> [Problem requirements]: Setting pictures aside, output exactly the lines from the start of the records to the line with "表1 醫(yī)療廢物處置收費政策文件", that line included.

> [Material shown]:
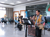 潭子分會會長游村平帶領的國樂團隊,為長者演奏懷念老歌,養護中心員工林永來也共襄盛舉,演奏二首優雅的歌曲,長者楊美容歡喜高歌一曲「媽媽」與大眾結緣,並分享每日持誦「觀世音菩隡聖號」的感應。
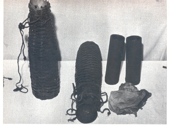 Cesti di vimini intrecciati "a mano" da Yokoi a forma lunga e stretta per catturare i pesci e a destra due contenitori in legno e uno strofinaccio ottenuto con della carta compressa.
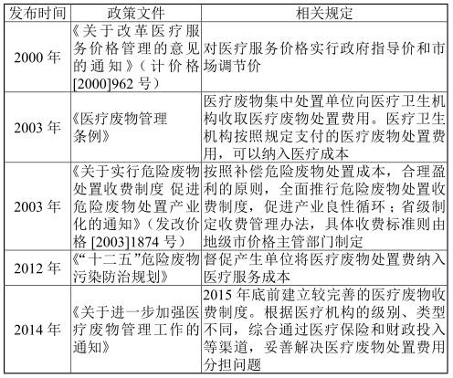 表1 醫(yī)療廢物處置收費政策文件
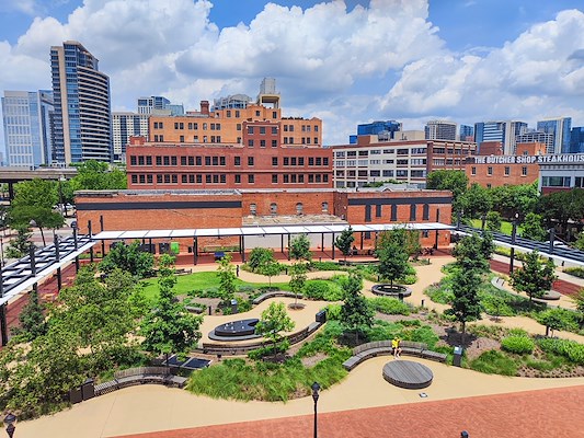 Het West End Historic District in Dallas (VS), ooit een buurt met oude pakhuizen en fabrieken, is nu een levendige wijk met nieuwbouw en een groot aantal creatieve bedrijven. De gebiedstransformatie heeft het industriële karakter van de wijk behouden en trekt vele nieuwe bewoners en bezoekers uit het nabijgelegen stadscentrum. Middelpunt van deze dynamische omgeving is West End Square, een modern stadspark naar ontwerp van het gerenommeerde internationale ontwerpbureau James Corner Field Operations (JCFO). Het park combineert op baanbrekende wijze technologie, natuur en architectuur: een voorbeeld van innovatie in de openbare ruimte en tegelijkertijd een eerbetoon aan de lokale geschiedenis.
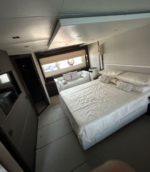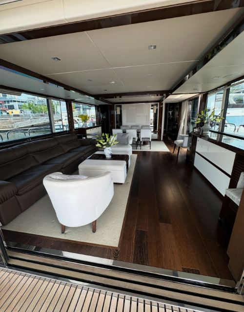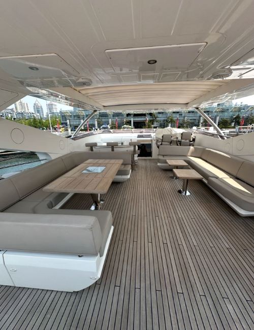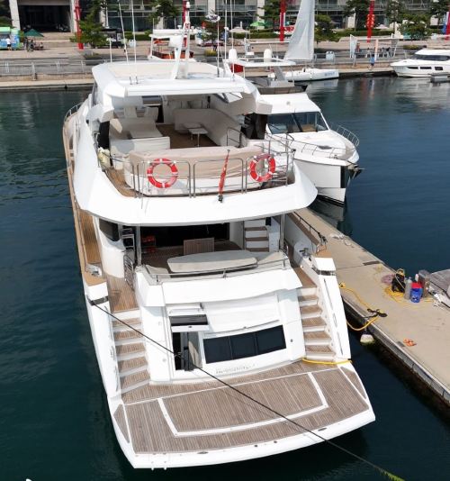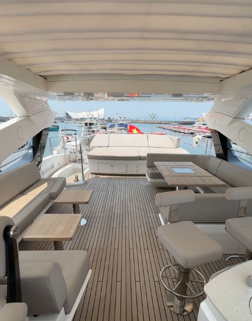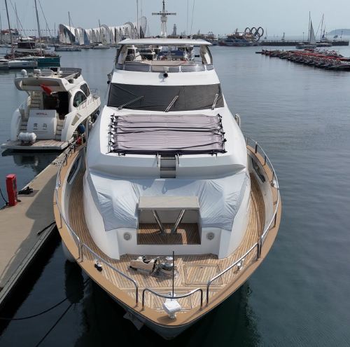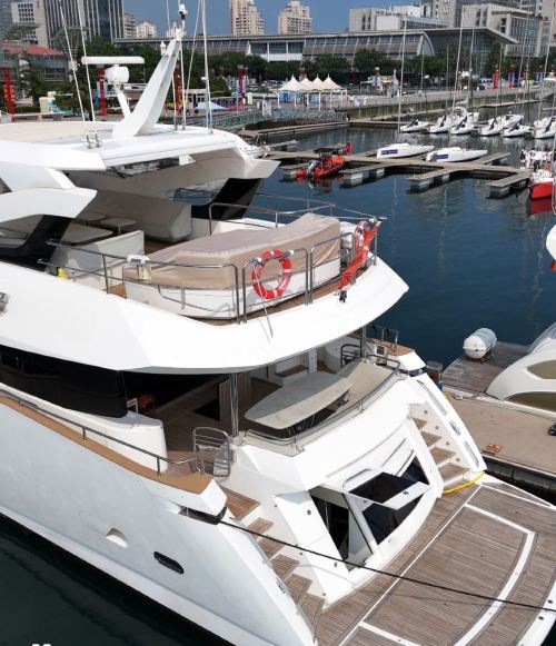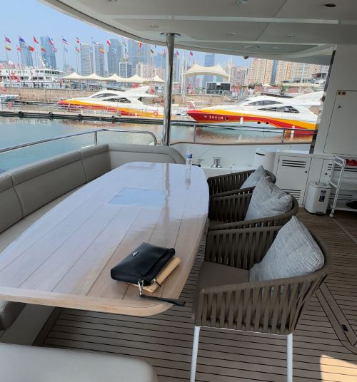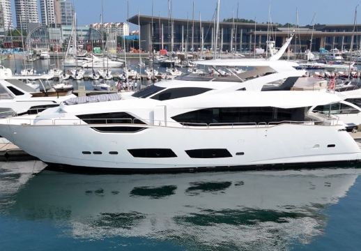 Qingdao Yacht Charter: 95-foot British-imported Sunseeker yacht rental at Qingdao Olympic Sailing Center, including KTV, fruits and beverages, and yacht driving experience. The super luxurious yacht is like a floating palace, perfect for parties and high-end events.
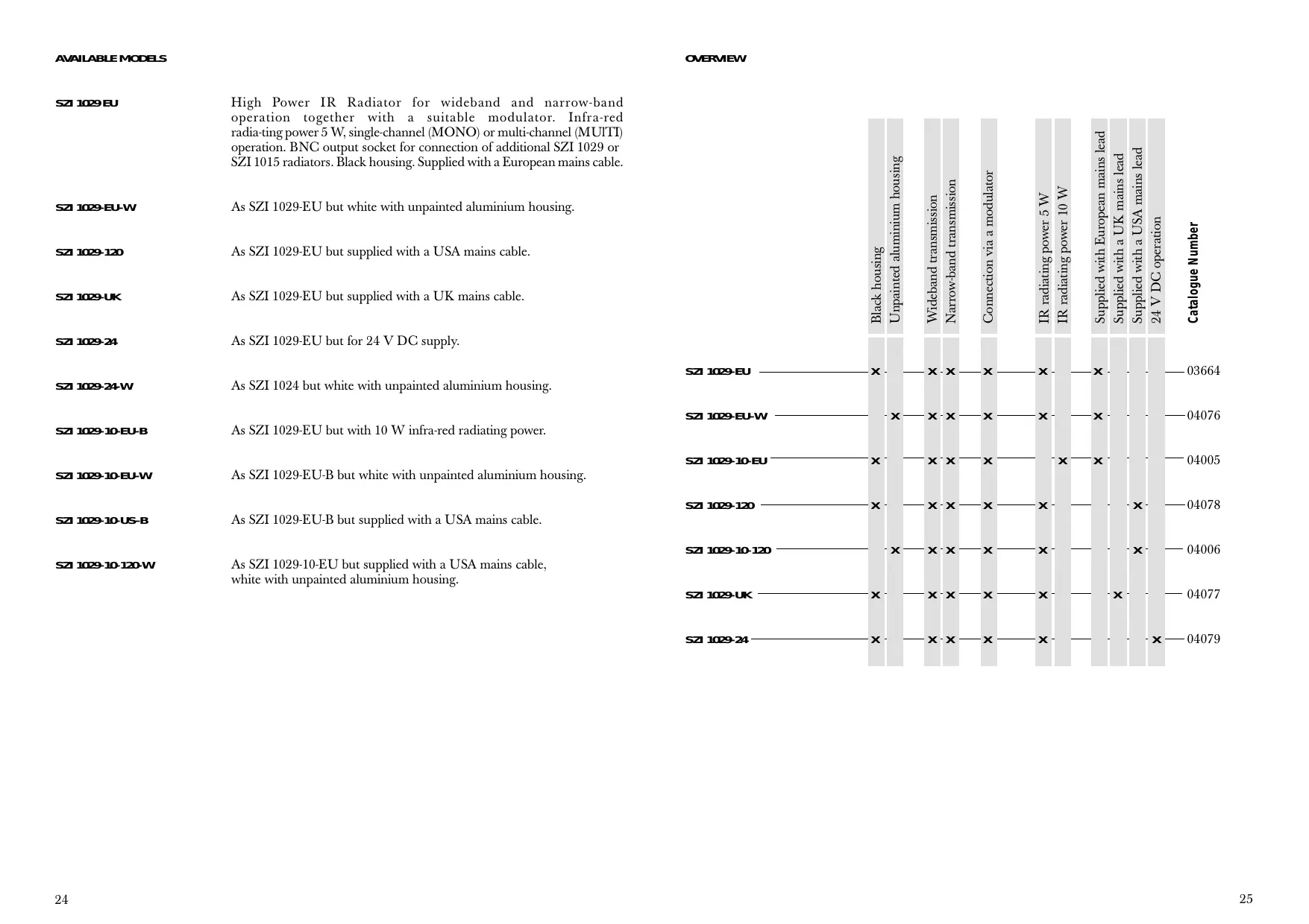 | SZI 1029-120 | As SZI 1029-EU but supplied with a USA mains cable. |
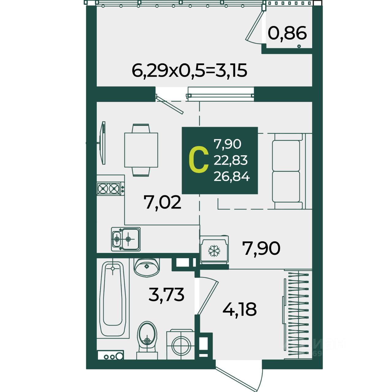 Общая площадь26,84 м2
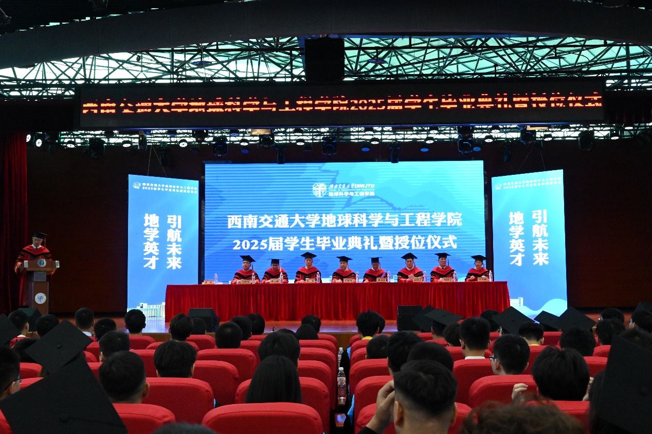 党委书记关秦川,院长刘国祥教授,副院长朱军教授,副院长、地质工程系主任赵晓彦教授,测绘遥感信息系主任曹云刚教授,教师代表胡卸文教授、袁林果教授、王玉峰教授,各学科专业老师、班导师、机关各科室负责人、辅导员、2025届全体本硕博毕业生及学生家长参加典礼。本次典礼由学院党委副书记郑波主持。
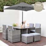 8 Seater Rattan Cube Outdoor Dining Set with Grey LED Premium Parasol – Grey Weave
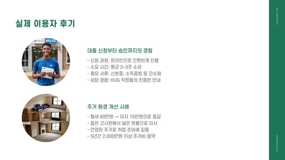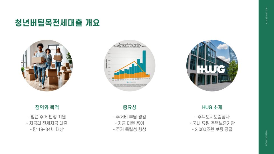 HUG는 주택도시보증공사로, 청년버팀목전세대출에서 중요한 역할을 합니다. HUG의 보증을 통해 대출자는 대출이자를 낮추고, 금융기관의 대출 심사를 보다 쉽게 통과할 수 있습니다. 이러한 보증은 청년들에게 안정적인 주거를 보장하며, 주택 시장에서도 긍정적인 영향을 미칩니다.
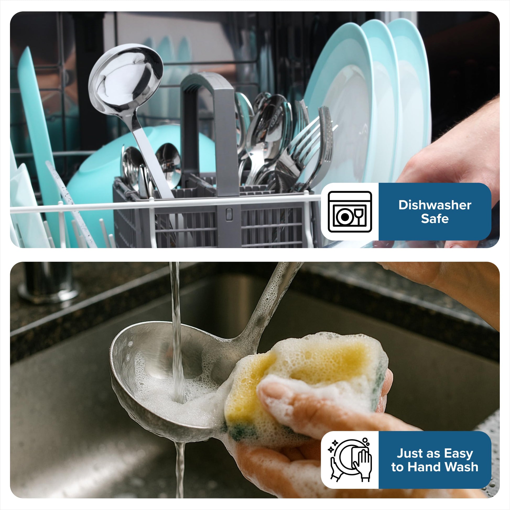 DISHWASHER SAFE: Our kitchenware accessory set features a seamless design which is easy to clean and maintain, ensuring that they remain shiny and ready for preparing your next meal. Our kitchen tool set can be hand washed with hot and soapy water for excellent results, and are also dishwasher safe **Rinse and dry immediately to prevent water spots, DO NOT use steel wool or cleaners containing chlorine beach**
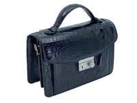 Мужска крокодиловая сумка-барсетка черного цвета. Для пошива сумок данной модели фабрика использует натуральную кожу сиамского крокодила, фактурная спинная часть крокодиловой кожи, переходящая в брюшную часть крокодиловой шкуры. Кожа высокого качества выделки. Сумка-барсетка прямоугольной формы, в верхней части сумки устроена удобная верхняя ручка. Расстояние от верха сумки до ручки -6см. Верхняя ручка выполнена на основании из натуральной кожи теленка, верхняя часть ручки имеет отделку крокодиловой кожей. На лицевой поверхности сумки устроен откидывающийся вверх лицевой клапан, в нижней части клапан крепится к сумке на металлический замок. На обратной части крокодиловой сумки-барсетки устроен удобный плоский карман. На лицевой части сумки, под лицевым клапаном устроен накладной объемный карман. Отличительной особенностью данной крокодиловой сумки является то, что боковые поверхности сумки и дно сумки выполнены их гладких частей крокодиловой кожи, чего обычно не делают на сумках барсетках, обычно, на барсетках боковые вставки и дно выполняются из натуральной кожи теленка для придания барсеткам и портфелям большей эластичности. Внутри сумка барсетка выполнена из двух независимых отделений, между двух внутренних отделений устроен плоский карман на металлической молнии. Внутри сумки устроен накладной карман на молнии. В качестве материала подклада данной сумки-барсетки используется натуральная кожа теленка, спилок подобранная по цвету под цвет крокодиловой кожи. На внешних боковых поверхностях сумки устроены металлические кольца для крепления съемного плечевого ремня. Съемный плечевой ремень регулируемый по длине поставляется в комплекте с сумкой-барсеткой. Плечевой ремень выполнен на основании из натуральной кожи теленка, внешняя часть плечевого ремня имеет отделку крокодиловой кожей.
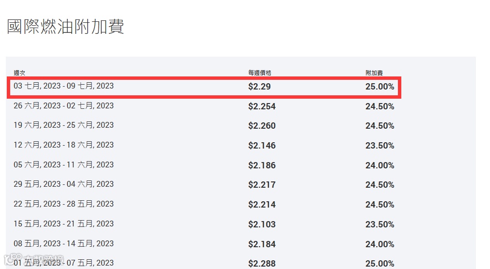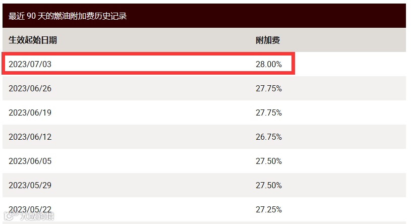FedEx联邦快递燃油附加费为每周更新,2023年7月3日FedEx联邦快递燃油附加费费率为:25%
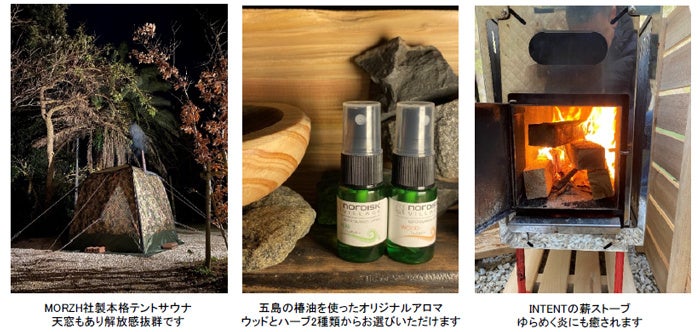 五島市内の宿泊施設でテントサウナの設置は初となります。サウナ用のテント本体は、世界一熱いと評判のMORZH(モルジュ)製とサウナ愛好家も認める本格仕様です。

> [Answer below]:
 潭子分會會長游村平帶領的國樂團隊,為長者演奏懷念老歌,養護中心員工林永來也共襄盛舉,演奏二首優雅的歌曲,長者楊美容歡喜高歌一曲「媽媽」與大眾結緣,並分享每日持誦「觀世音菩隡聖號」的感應。
 Cesti di vimini intrecciati "a mano" da Yokoi a forma lunga e stretta per catturare i pesci e a destra due contenitori in legno e uno strofinaccio ottenuto con della carta compressa.
 表1 醫(yī)療廢物處置收費政策文件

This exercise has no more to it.